-- LISTED ENTRIES follows --

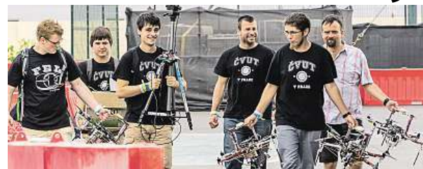
Tým se v Abú Zabí takto chystal do akce.

Tým, komu by mohly vzít práci, jsou noční strážníci bu-
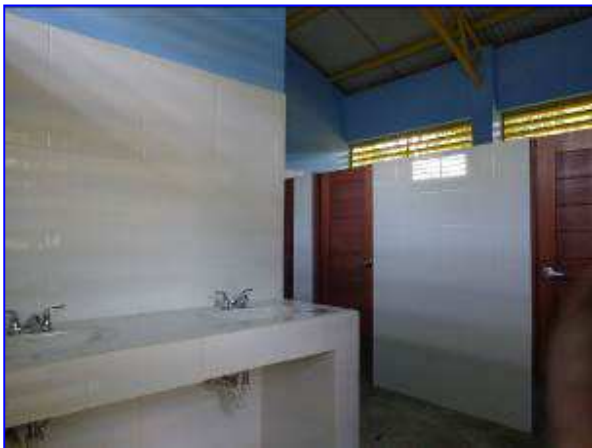
Vista interna de la batería sanitaria de mujeres, con proyecto.

El 07 de septiembre se realizó la recepción final de las obras a entera satisfacción del IND.
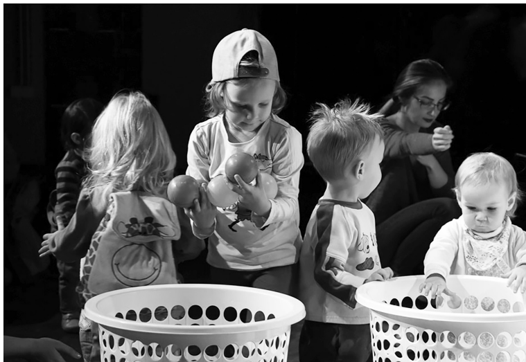
Pöttyök és babák
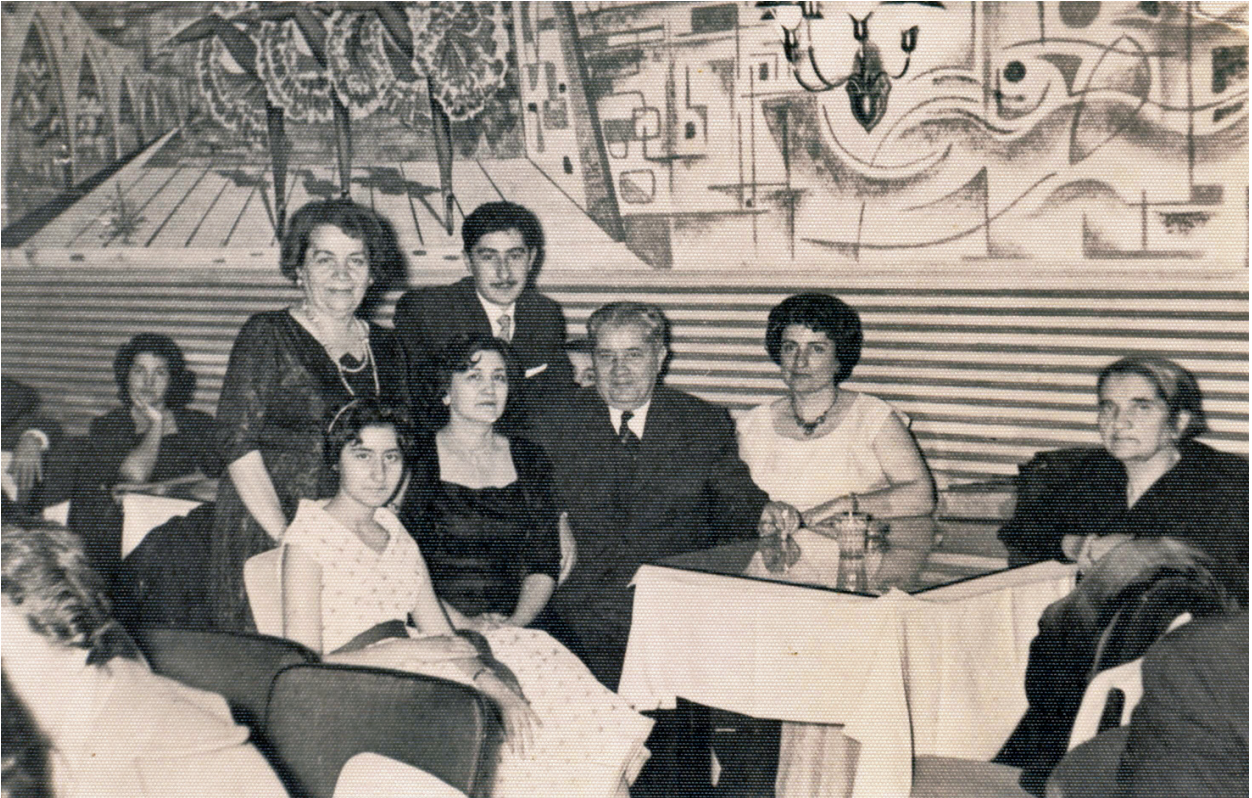
Bir aile fotoğrafı
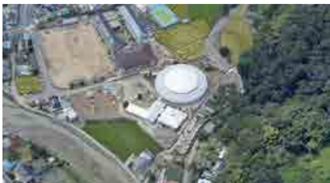
▲中央ドームが川上幼稚園。右側が氾濫した西谷川。隣接する川上学校給食センターも浸水した（9月5日上空から）
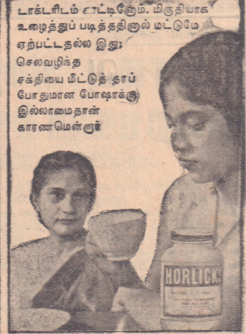
லாட்டரிடம் ஈட்டிக்ளும், மிகுதியாக உழைத்துப் படித்ததினால் மட்டுமே ஏற்பட்டதல்ல இது; செலவழிந்த சக்தியை மீட்டுத் தரப் போதுமான போஷாக்கு இல்லாமல்தான் காரணமென்றால்

நன்கு உழைத்துத் தான் படித்து வந்தாள் அவள். ஆனாலும் பரீட்சைக்குச் சில நாட்களே இருக்கையில், ஏதோ அவளுக்குப் படிக்க முடியாமல் சோர்வு மேலிட்டது
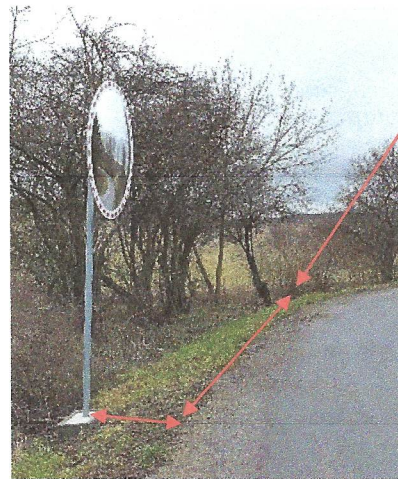
stávající místo, cca 17 m od vrcholu oblouku zatáčky a cca 1 m od krajnice místo min. 2 m jak je v Technické zprávě
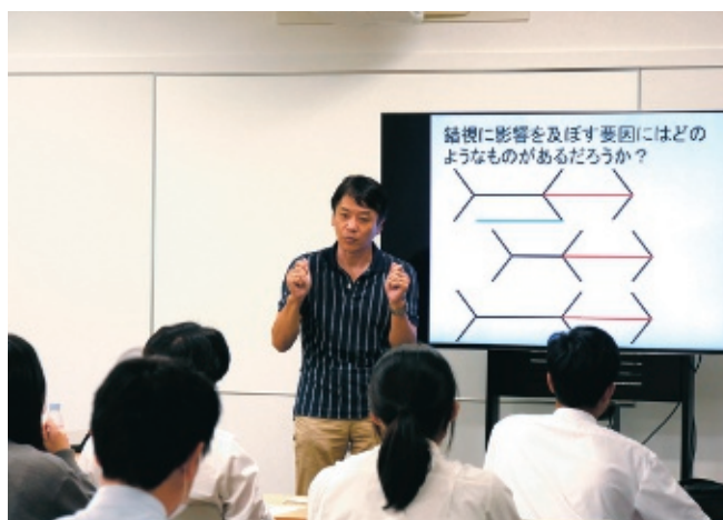
春日丘高校セレクト講座「心理学」(2024年10月21日実施)

京都府出身 関西学院大学文学部卒、心理学博士(関西学院大学) 日本学術振興会特別研究員、 京都大学霊長類研究所研究員、名古屋大学大学院 人間情報学研究科助手、 名古屋大学大学院情報科学研究科准教授を経て 2019年から現職
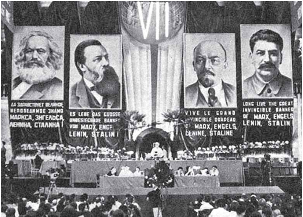
ที่ประชุม “โคมินเทิร์น” หรือคอมมิวนิสต์สากล ในเดือนพฤษภาคม ค.ศ. 1935 เป็นการประชุมครั้งที่ 7 และครั้งสุดท้าย ที่มีมติให้ฝ่ายคอมมิวนิสต์ร่วมมือกับชนชั้นกลางและชนชั้นที่มีใช้กรรมกร

ชาวเอเชียตะวันออกเฉียงใต้ไม่ต้องการถูกอินเดียนครอบงำ และสยบยอมแก่จีนน้อยลง ก่อนสงครามโลกครั้งที่ 2 จีนถูกกันออกไปจากเอเชียตะวันออกเฉียงใต้ โดยอาศัยการปกครองของชาวยุโรปเป็นเครื่องกำบัง จีนเองก็อ่อนแอและถูกญี่ปุ่นรบกวน อย่างไรก็ตามเมื่อเอเชียตะวันออกเฉียงใต้ได้เอกราชแล้ว ประเทศจีนใหม่ก็เข้ามาติดต่อ ใช้ประโยชน์จากชื่อเสียงในด้านนโยบายภายในที่ก้าวหน้า และดำเนินการค้าเพื่อสร้างความประทับใจแก่ชาวเอเชียตะวันออกเฉียงใต้ ในระยะแรกความรู้สึกเป็นปรปักษ์ต่อระบบอาณานิคมได้บดบังชาวเอเชียในการพิจารณาความตั้งใจของจีน แต่ใน ค.ศ. 1954 เมื่อนายกรัฐมนตรีโจวเอินไหลมาร่วมประชุมกับเนห์รู ได้ให้คำปฏิญาณที่จะรักษาหลักปรัชญาศีลของการอยู่ร่วมกัน และได้แสดงออกถึงความเป็นผู้มีเหตุผลลุ่มลุ่มและนุ่มนวล ณ ที่ประชุมเมืองบันดุงใน ค.ศ. 1955 กับทั้งขอร้องให้ชาวจีนฟื้นฟูทะเลปฏิบัติตามกฎหมายของประเทศที่เข้าไปอยู่อาศัย และให้หลีกเลี่ยงกิจกรรมทางการเมือง ทำให้ชาวเอเชียตะวันออกเฉียงใต้คลายความกังวลใจเกี่ยวกับนโยบายของจีนไปมาก
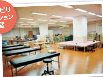
リハビリ テーション 室
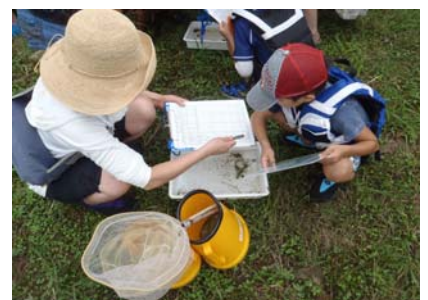
水生生物の同定と観察
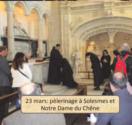
23 mars: pèlerinage à Solesmes et Notre Dame du Chêne
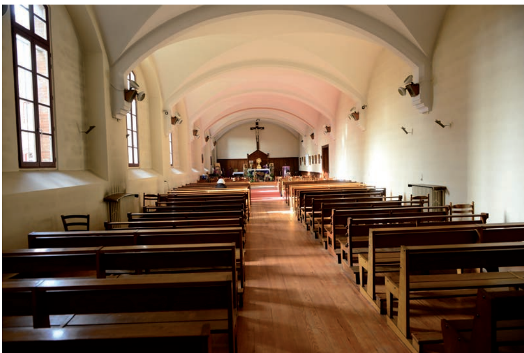
La première chapelle au rez-de-chaussée du château.

La Gazette du Languedoc , journal conservateur et royaliste, dans son édition du 26 mars 1852, relate cette cérémonie dans un long article conservé dans les annales. Il décrit une cérémonie touchante et souligne « les rangs pressés d'une foule pieuse » et retient « le bonheur répandu à Blagnac ». La chapelle avait été ornée de fleurs, des visiteurs avaient amené un tabernacle, d'autres une image de la Vierge sainte. A huit heures précises, l'aumônier, les deux mères revêtues de leurs habits traditionnels, les amples robes de laine blanche et le voile noir, les sœurs revêtues de leurs habits de laine brune et quelques fidèles parcourent tout l'intérieur du château en récitant les psaumes de la pénitence.

-- LISTED ENTRIES concluded --

§ **PROBLEM STATEMENT**: In the listing above, the required lines run from the line with "และสยบยอมแก่จีนน้อยลง ก่อนสงครามโลกครั้งที่ 2" through the line with "La première chapelle". Output exactly those lines, omitting pictures.

§ **SOLUTION TO THIS TASK**:
ชาวเอเชียตะวันออกเฉียงใต้ไม่ต้องการถูกอินเดียนครอบงำ และสยบยอมแก่จีนน้อยลง ก่อนสงครามโลกครั้งที่ 2 จีนถูกกันออกไปจากเอเชียตะวันออกเฉียงใต้ โดยอาศัยการปกครองของชาวยุโรปเป็นเครื่องกำบัง จีนเองก็อ่อนแอและถูกญี่ปุ่นรบกวน อย่างไรก็ตามเมื่อเอเชียตะวันออกเฉียงใต้ได้เอกราชแล้ว ประเทศจีนใหม่ก็เข้ามาติดต่อ ใช้ประโยชน์จากชื่อเสียงในด้านนโยบายภายในที่ก้าวหน้า และดำเนินการค้าเพื่อสร้างความประทับใจแก่ชาวเอเชียตะวันออกเฉียงใต้ ในระยะแรกความรู้สึกเป็นปรปักษ์ต่อระบบอาณานิคมได้บดบังชาวเอเชียในการพิจารณาความตั้งใจของจีน แต่ใน ค.ศ. 1954 เมื่อนายกรัฐมนตรีโจวเอินไหลมาร่วมประชุมกับเนห์รู ได้ให้คำปฏิญาณที่จะรักษาหลักปรัชญาศีลของการอยู่ร่วมกัน และได้แสดงออกถึงความเป็นผู้มีเหตุผลลุ่มลุ่มและนุ่มนวล ณ ที่ประชุมเมืองบันดุงใน ค.ศ. 1955 กับทั้งขอร้องให้ชาวจีนฟื้นฟูทะเลปฏิบัติตามกฎหมายของประเทศที่เข้าไปอยู่อาศัย และให้หลีกเลี่ยงกิจกรรมทางการเมือง ทำให้ชาวเอเชียตะวันออกเฉียงใต้คลายความกังวลใจเกี่ยวกับนโยบายของจีนไปมาก
リハビリ テーション 室
水生生物の同定と観察
23 mars: pèlerinage à Solesmes et Notre Dame du Chêne
La première chapelle au rez-de-chaussée du château.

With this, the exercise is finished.